Driven by strong direction from its government, China is projected to edge out Japan as Asia's largest fiber market by next year, according to a new report.
Pyramid Research said in the report released Wednesday that China will boast 25.9 million fiber access lines by end-2011, compared to 25.2 million lines in Japan.
Daniel Yu, senior analyst at the research firm, attributed strong commitment from the Chinese government as one of the key factors behind the rapid rise of fiber in the country. According to the analyst, China is expected to spend US$22 billion over the next three years to deploy a fiber network with up to 80 million ports.
"Migration to higher speed and thus higher-priced, fiber-optic connections, will ensure continued growth in China's fixed-service revenue," Yu said in the statement.
Last month, the Broadband Forum said China accounted for nearly half of the 14 million new broadband lines added globally during the first quarter of 2010. The majority of new lines added in China, however, were DSL--although fiber was said to be popular in greenfield deployments.
According to Yu, networks in the metro areas and newly-developed residential areas utilize FTTB (fiber-to-the-building) and FTTN (fiber-to-the-node) configurations, instead of the more costly FTTH (fiber-to-the-home) setup. On the whole, however, FTTx technology is still regarded as expensive in China, he said.
"As demand for high-speed access increases, economies of scale for both the equipment and the CPE (customer-premises equipment) costs will increase the affordability of the service," he noted. "FTTx will see its share of total broadband accounts rise from 14.8 percent at end-2010 to 30.9 percent at end-2015."
As fiber gains acceptance in the market, net additions to broadband subscription are also set to reach 19 million in 2010 and 24 million by 2015, he added.
Telecom services market to exceed Japan's
The world's most populous nation is also tipped to dethrone Japan in terms of telecom services revenue, though it will take longer than originally predicted, Pyramid said, noting that it had previously expected this to happen in 2011. The research firm said it now expects the Chinese market to reach US$168.1 billion in 2013, surpassing Japan's US$166.8 billion.
The delay compared to the fiber market is due to the appreciation of the Japanese yen against the U.S. dollar, explained the research firm.
The Pyramid report also indicated that China's telecom services market in 2010 will grow 8.7 percent over 2009, driven by rising adoption of fixed and mobile data plans in the country.
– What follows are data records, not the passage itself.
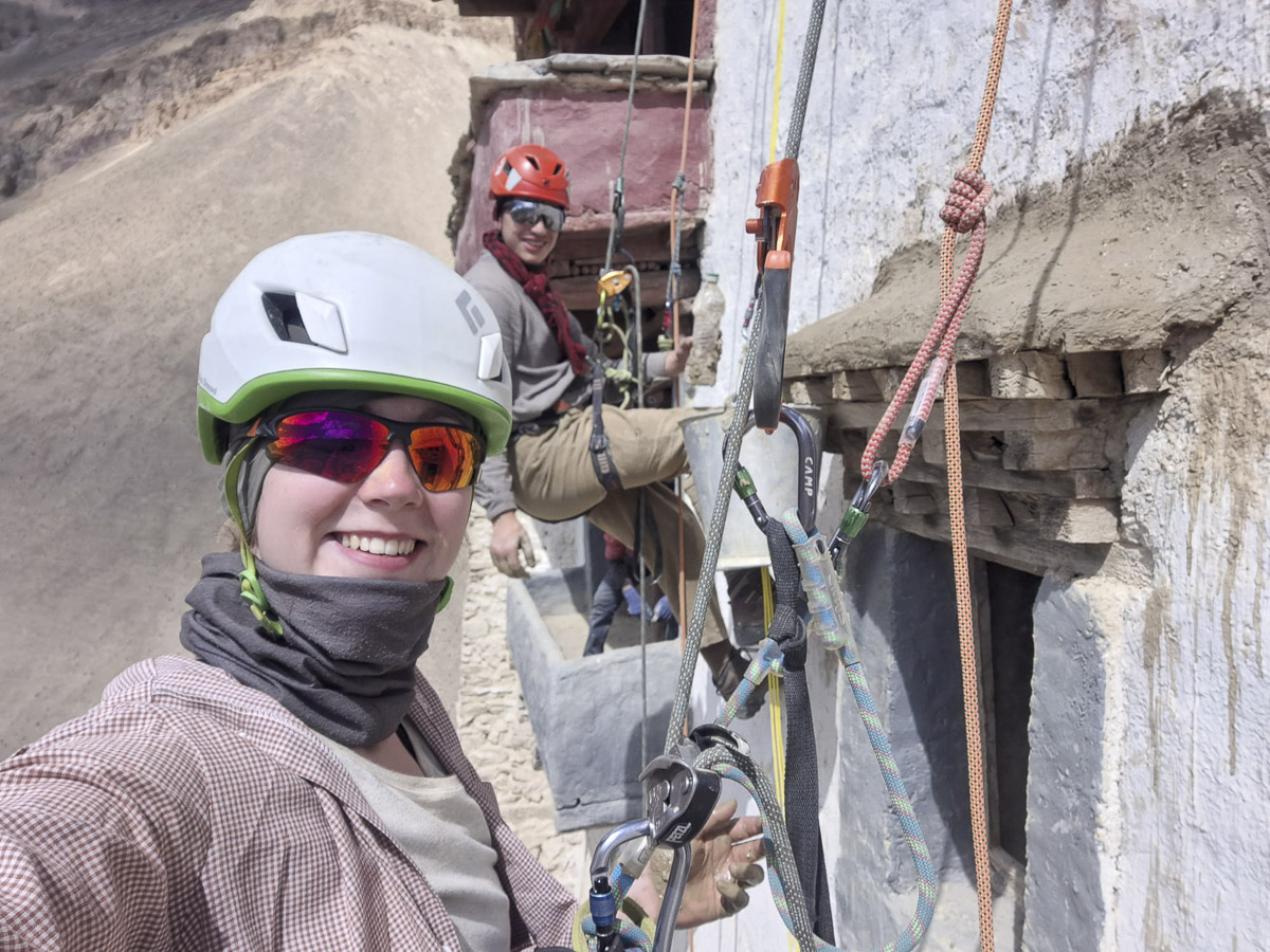 Második munkanapunkon megkaptuk a teljes felszerelést, amit alaposan megvizsgáltunk. A fémeszközöket megmostuk, beolajaztuk, és nekifogtunk kiépíteni a biztosítópontokat. Nem volt könnyű dolgunk, mert a palota vályogtéglákból épült, nincs benne vasszerkezet, se gerendák, oszlopok, szegek. Nagyon meg kellett nézzük, hogy hova tudjuk biztosítani magunkat. Kötélen leengedtük magunkat, majd az ablakok felett lévő párkányok visszaépítését kezdtük meg, illetve a falon lévő javításokat. Mindennap vályogozunk, és munka után a teljes felszerelést megmossuk a gleccservizű patakban. A helyiek az első napokban tátott szájjal nézték, ahogyan fel-le jártunk a kötélen a fal oldalán, és vályogoztunk a semmi közepén.
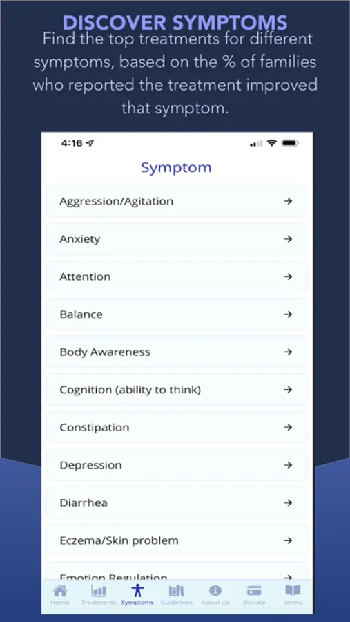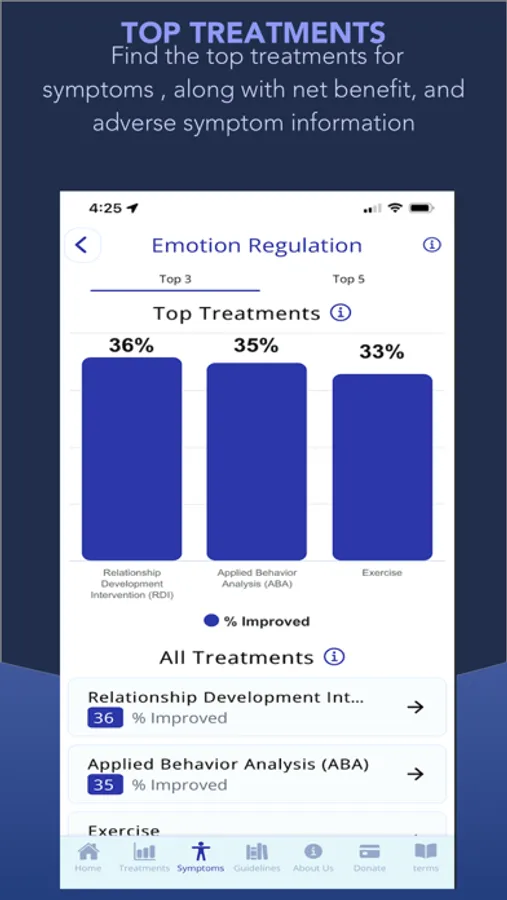 top-rated treatments for any of over 20 symptoms, such as language, social
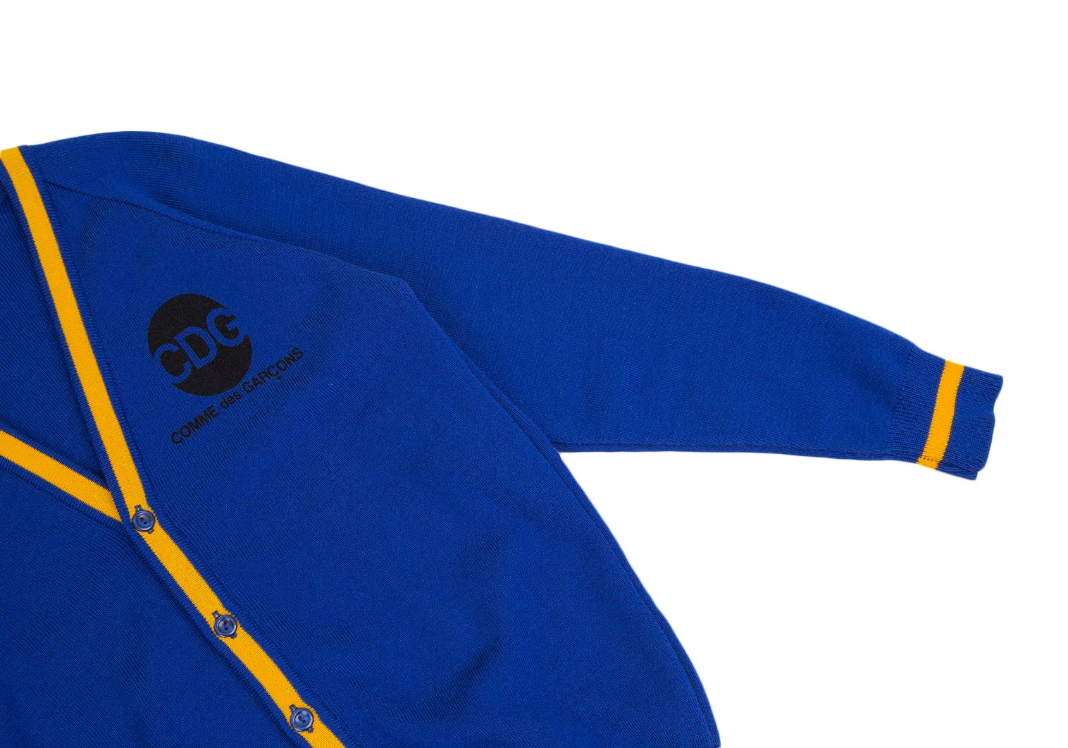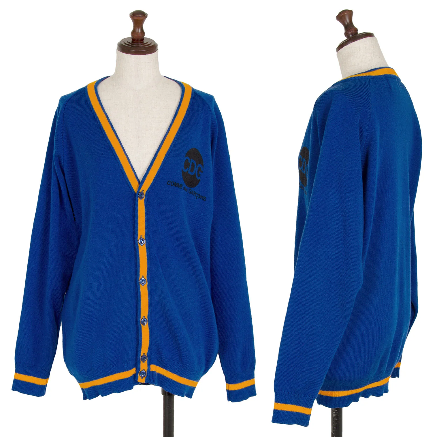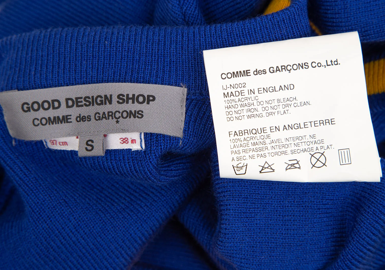 グッドデザインショップ コムデギャルソンGOOD DESIGN SHOP COMME des GARCONS アクリルゴロプリントラインニットカーディガン 青S
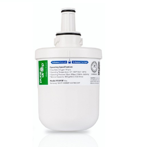 Oryginalny filtr wody Aqua-Pure DA29-00003F, do dwudrzwiowej lodówki SAMSUNG i posiada zainstalowany filtr wewnętrzny o numerach producenta filtra:
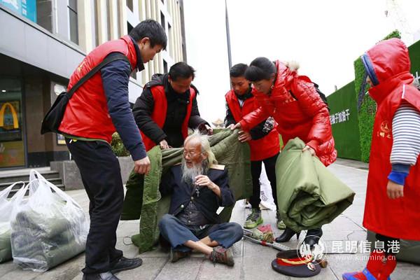 志愿者们从金马碧鸡坊出发,沿着三市街、南屏步行街寻找着流浪者。在看到一位须发尽白的流浪者坐地上乞讨时,志愿者赶紧为老人送去棉大衣,并把棉被垫在老人乞讨的地方,流浪者连声道谢。

Revenue for mobile data services, the No. 2 revenue generator after mobile voice, will increase at a compound annual growth rate (CAGR) of 14 percent between 2010 and 2015. During the six-year period, mobile data revenues will grow from US$20.8 billion to US$49.4 billion.
Pyramid added that broadband Internet service revenues will grow at a CAGR of 12 percent over the same six-year period. By 2012, the segment will overtake voice to become the largest revenue generator in the fixed line market.